Calories matter. If your goal is to gain weight/muscle you have to eat, a lot! This is usually a calorie number more than the calories you churn through in your day-to-day activities and training sessions. Conversely, if you want to lose weight/fat you need to eat less, and this generally has to be at a deficit of your maintenance level of calories.
Be mindful that this must be a controlled increase/decrease in calories. Gorging on food and taking in too much will lead to fat gain, while a drastic calorie reduction will often lead to a stall in weight loss, poor performance in the gym, and even metabolic dysfunction.
However, it is not as simple as ‘calories in vs calories out’. The human body is not a predictable machine and there are countless internal and external variables involved in how our bodies operate. This helps to explain why calories cannot be balanced like your bank account, and why people never seem to gain or lose weight precisely as calculated by calorie targets.
Remember that food quality comes first (see point 1). It’s pointless having a calorie target if you get 2500 daily calories from bad foods!
Step 3 Macronutrient breakdown
This refers to the breakdown of your daily calories into grams of protein, carbohydrate, and fat. Altering these numbers can have a large impact on body composition and performance.

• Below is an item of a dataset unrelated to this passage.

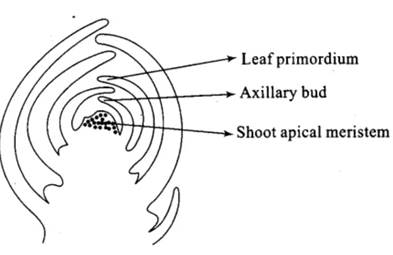 b) small cellular outgrowths occurs here called leaf primordia that later develop into leaves

Protein is commonly referred to as ‘the building block of muscle‘. Protein is used to rebuild and repair muscle tissue during stages of recovery and to keep our bodies functioning. You mostly hear people talking about how much protein they have, or how many shakes they can smash down. In reality, most of us only need around 1 g per lb of body weight. Even if you want to gain muscle, more protein is not really going to the biggest difference.

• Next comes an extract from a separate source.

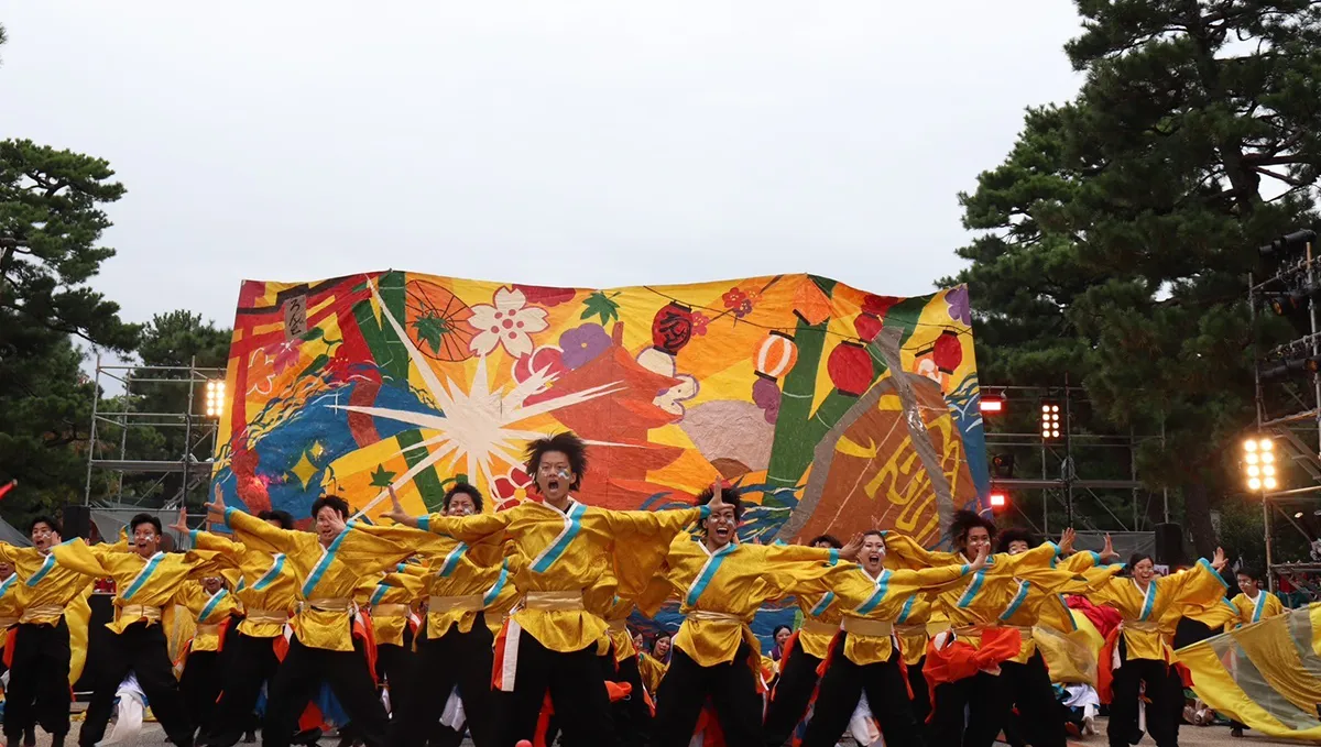 テーマが殿様の冒険ということで、殿様のお城に、伏見桃山城がモチーフとして使われております。 そして、京都を代表する清水の紅葉をよさこいで表し、和の楽器である和太鼓や、祇園祭で聞こえてくるあの祭りの音をこの演舞に詰め込みました。すべての要素が今までにないものになるよう奮闘してきたので、輪舞曲の新しさをぜひご覧ください!

Carbohydrates are the fuel for higher-intensity activities, and its intake helps replenish tough workouts and also helps signal to cells to use ingested protein to build/repair muscle tissue. As such, some experts say that carbohydrates actually play a more important role in the muscle-building process than protein. If you do lots of high-intensity training like CrossFit, you need more carbohydrates than those who do low-level activities like walking, but the exact number can differ from person to person depending on their size, activity levels, tolerance, etc.
Our last macronutrient is fat. Every single cell in our bodies is partly composed of fat and they are involved in many of the processes in our body. Thus, fat is vital for proper health and function of our hormones. For most of us we need between 60-100g per day, again differing depending on size, goals, training etc.
There are plenty of resources and macro calculators available on the internet that you can use, like this one.
So forget about taking supplements. Taking a protein shake post workout will do NOTHING to performance and body comp goals if you are neglecting the 3 steps above.